The table below sets out ASX 200 CEO STI award outcomes in FY22 and FY23. The analysis is based on STI outcomes as a percentage of maximum opportunity. The maximum and proportion paid of maximum are the numbers Australian, UK and most European investors and proxy advisors tend to focus on.
Table 1: FY22 and FY23 ASX 200 CEO STI outcome as % of maximum
Statistic |
FY22 |
FY23 |
Average |
69% |
59% |
25th Percentile |
56% |
41% |
50th Percentile |
72% |
61% |
75th Percentile |
88% |
79% |
The median ASX 200 CEO STI outcome was 72% of maximum in FY22 and 61% of maximum in FY23. While some investors may suggest that vesting outcomes for CEOs appear to be relatively high in each of the past two years (and potentially show little variation with performance), these statistics do not tell the whole story.

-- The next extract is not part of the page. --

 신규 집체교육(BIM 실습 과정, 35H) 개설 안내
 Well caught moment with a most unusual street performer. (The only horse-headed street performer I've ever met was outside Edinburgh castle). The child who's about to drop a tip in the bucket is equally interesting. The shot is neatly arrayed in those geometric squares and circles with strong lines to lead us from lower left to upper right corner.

The recent ACSI CEO pay research commentary suggested CEO STI was not at meaningful risk (see our summary HERE). The figure below sets out the distribution of outcomes each year based on our data. The data suggests that CEO STI is variable. Our analyses published in February also support this (see HERE).
Figure 1: ASX 200 STI outcome distribution in FY22 and FY23
The figure shows that:
- The proportion of CEOs that received an STI in the range 0-20% of maximum increased from 4% in FY22 to 9% in FY23
- The proportion that received an STI at 40% of maximum or less increased from 10% in FY22 to 24% in FY23
- The proportion that received an STI at 80% of maximum or higher decreased from 36% in FY22 to 22% in FY23
That is, while the median outcome in both years was relatively high, the actual distribution of outcomes suggests that STI awards varied considerably between FY22 and FY23 based on performance. It also appears ASX 200 boards did not necessarily lower performance requirements for CEOs in FY23 when many companies would have been impacted by changed market conditions related to rapidly increasing interest rates and cost of living.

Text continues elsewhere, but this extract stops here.